Stream MySQL Updates to Elasticsearch via Canal - Elasticsearch

How it works

Canal acts as a secondary node of your ApsaraDB RDS for MySQL instance and subscribes to its binary logs. As rows are inserted, updated, or deleted in MySQL, Canal captures each change event and writes it to Elasticsearch through a RESTful API.

Prerequisites

Before you begin, make sure you have:

An ApsaraDB RDS for MySQL instance. See Create an ApsaraDB RDS for MySQL instance. This guide uses a MySQL 5.7 instance.
An Alibaba Cloud Elasticsearch cluster. See Create an Alibaba Cloud Elasticsearch cluster. This guide uses an Elasticsearch V6.7 cluster (Kernel-enhanced Edition).
An ECS instance running CentOS 7.6 (64-bit), used to host Canal server and Canal adapter. See Create an instance by using the wizard.
All three resources in the same virtual private cloud (VPC).
The ECS instance IP address added to the Elasticsearch cluster's IP address whitelist. See Configure a public or private IP address whitelist for an Elasticsearch cluster.

Limitations

Canal synchronizes incremental data only — full table exports are not supported.
The Canal adapter cannot connect to an Elasticsearch cluster over HTTPS.
Field names and data types in the Elasticsearch index mapping must exactly match the corresponding MySQL table columns.
The Java Development Kit (JDK) version must be 1.8.0 or later.
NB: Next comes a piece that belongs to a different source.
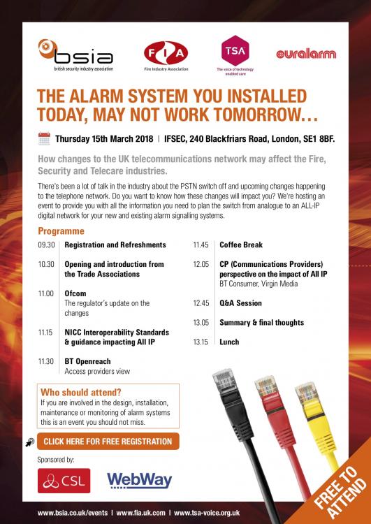 BSIA are hosting an event at the UBM office on the 15th March, in London, to discuss the migration to ALL IP. It is a free to attend event with speakers from Offcom, BT Openreach, BT Consumer and Virgin Media. Flyer attached.

Canal and Elasticsearch version compatibility:

Note Canal 1.1.4 cannot be used to synchronize data to an Elasticsearch V7.X cluster. Use Canal 1.1.5 for Elasticsearch V7.x clusters, and Canal 1.1.7 for Elasticsearch V8.x clusters. This guide uses Canal 1.1.4 with an Elasticsearch V6.7 cluster.

Canal version	Supported Elasticsearch versions
1.1.4	6.x
1.1.5	7.x
1.1.7	8.x

Step 1: Prepare a MySQL data source

Log on to the ApsaraDB RDS console and create a database and table. This guide uses the following table schema:

CREATE TABLE `es_test` (
    `id`    bigint(32) NOT NULL,
    `name`  text NOT NULL,
    `count` text NOT NULL,
    `color` text NOT NULL,
    PRIMARY KEY (`id`)
) ENGINE=InnoDB
DEFAULT CHARACTER SET=utf8;

For general instructions, see General workflow to use ApsaraDB RDS for MySQL.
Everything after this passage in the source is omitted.